**RECORDS FOR THE EXERCISE:**
****************************************
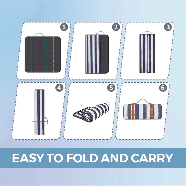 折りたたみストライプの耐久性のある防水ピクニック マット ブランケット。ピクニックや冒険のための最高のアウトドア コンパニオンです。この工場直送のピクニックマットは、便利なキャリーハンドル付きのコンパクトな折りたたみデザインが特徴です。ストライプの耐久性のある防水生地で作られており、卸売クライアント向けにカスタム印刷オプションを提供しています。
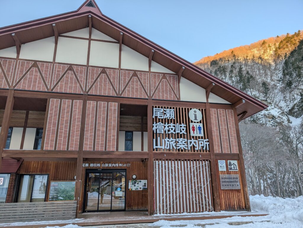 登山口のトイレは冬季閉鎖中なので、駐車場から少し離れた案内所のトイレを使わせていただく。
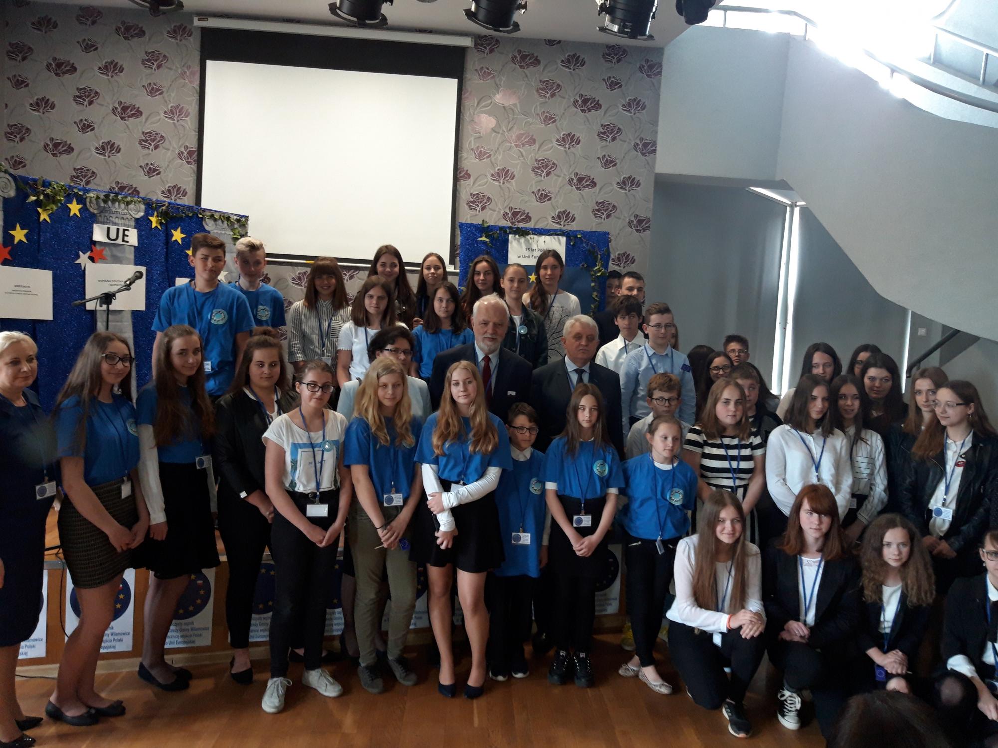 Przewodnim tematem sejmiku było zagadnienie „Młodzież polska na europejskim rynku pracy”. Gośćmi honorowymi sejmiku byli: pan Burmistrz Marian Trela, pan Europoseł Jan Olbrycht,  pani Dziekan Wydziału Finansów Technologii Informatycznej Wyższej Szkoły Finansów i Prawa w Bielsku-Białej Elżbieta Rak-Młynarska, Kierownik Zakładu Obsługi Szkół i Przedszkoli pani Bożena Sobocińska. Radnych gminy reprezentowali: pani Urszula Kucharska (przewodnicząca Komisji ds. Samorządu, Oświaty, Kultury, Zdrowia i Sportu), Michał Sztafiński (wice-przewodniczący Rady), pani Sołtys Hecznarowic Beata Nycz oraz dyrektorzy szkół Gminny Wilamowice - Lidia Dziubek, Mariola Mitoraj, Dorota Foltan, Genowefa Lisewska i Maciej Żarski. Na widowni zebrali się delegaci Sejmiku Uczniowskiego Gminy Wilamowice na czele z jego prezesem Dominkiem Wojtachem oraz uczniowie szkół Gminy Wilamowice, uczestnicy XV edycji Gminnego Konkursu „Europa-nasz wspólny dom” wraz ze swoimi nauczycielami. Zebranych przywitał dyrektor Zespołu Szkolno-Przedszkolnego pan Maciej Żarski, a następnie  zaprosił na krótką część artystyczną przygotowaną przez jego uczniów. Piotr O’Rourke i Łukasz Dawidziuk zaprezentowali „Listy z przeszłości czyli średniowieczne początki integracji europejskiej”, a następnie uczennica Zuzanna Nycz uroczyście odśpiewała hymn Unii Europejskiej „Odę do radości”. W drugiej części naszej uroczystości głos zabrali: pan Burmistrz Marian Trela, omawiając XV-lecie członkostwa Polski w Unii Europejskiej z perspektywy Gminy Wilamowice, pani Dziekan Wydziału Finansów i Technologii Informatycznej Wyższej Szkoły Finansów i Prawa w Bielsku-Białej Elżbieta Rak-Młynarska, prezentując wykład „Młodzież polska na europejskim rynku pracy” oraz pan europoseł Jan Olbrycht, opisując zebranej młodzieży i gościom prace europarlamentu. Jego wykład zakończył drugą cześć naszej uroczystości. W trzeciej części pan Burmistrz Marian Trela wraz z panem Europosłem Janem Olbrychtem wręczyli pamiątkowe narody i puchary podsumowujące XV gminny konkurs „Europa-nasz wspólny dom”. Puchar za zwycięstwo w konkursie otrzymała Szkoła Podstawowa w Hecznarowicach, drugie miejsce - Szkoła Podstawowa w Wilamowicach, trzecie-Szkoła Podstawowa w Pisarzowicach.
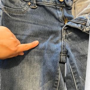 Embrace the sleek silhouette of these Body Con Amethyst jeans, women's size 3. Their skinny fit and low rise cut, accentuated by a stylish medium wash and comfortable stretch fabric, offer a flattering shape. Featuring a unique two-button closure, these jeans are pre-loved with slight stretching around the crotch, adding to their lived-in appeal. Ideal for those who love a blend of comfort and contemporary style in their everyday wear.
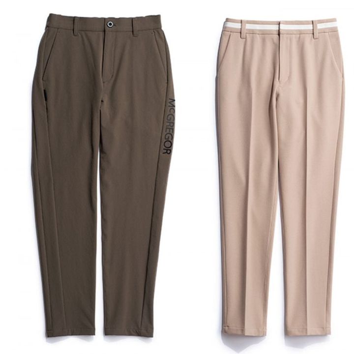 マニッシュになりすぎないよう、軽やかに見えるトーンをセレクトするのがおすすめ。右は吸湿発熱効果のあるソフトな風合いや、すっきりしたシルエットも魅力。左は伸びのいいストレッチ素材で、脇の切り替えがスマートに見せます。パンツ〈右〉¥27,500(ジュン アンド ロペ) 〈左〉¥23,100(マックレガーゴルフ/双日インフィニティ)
****************************************
**WORK INSTRUCTIONS:** Treating the line with "登山口のトイレは冬季閉鎖中な" as the last line to include, retype the records exactly from their first line, excluding pictures.

**ANSWER BOX:**
 折りたたみストライプの耐久性のある防水ピクニック マット ブランケット。ピクニックや冒険のための最高のアウトドア コンパニオンです。この工場直送のピクニックマットは、便利なキャリーハンドル付きのコンパクトな折りたたみデザインが特徴です。ストライプの耐久性のある防水生地で作られており、卸売クライアント向けにカスタム印刷オプションを提供しています。
 登山口のトイレは冬季閉鎖中なので、駐車場から少し離れた案内所のトイレを使わせていただく。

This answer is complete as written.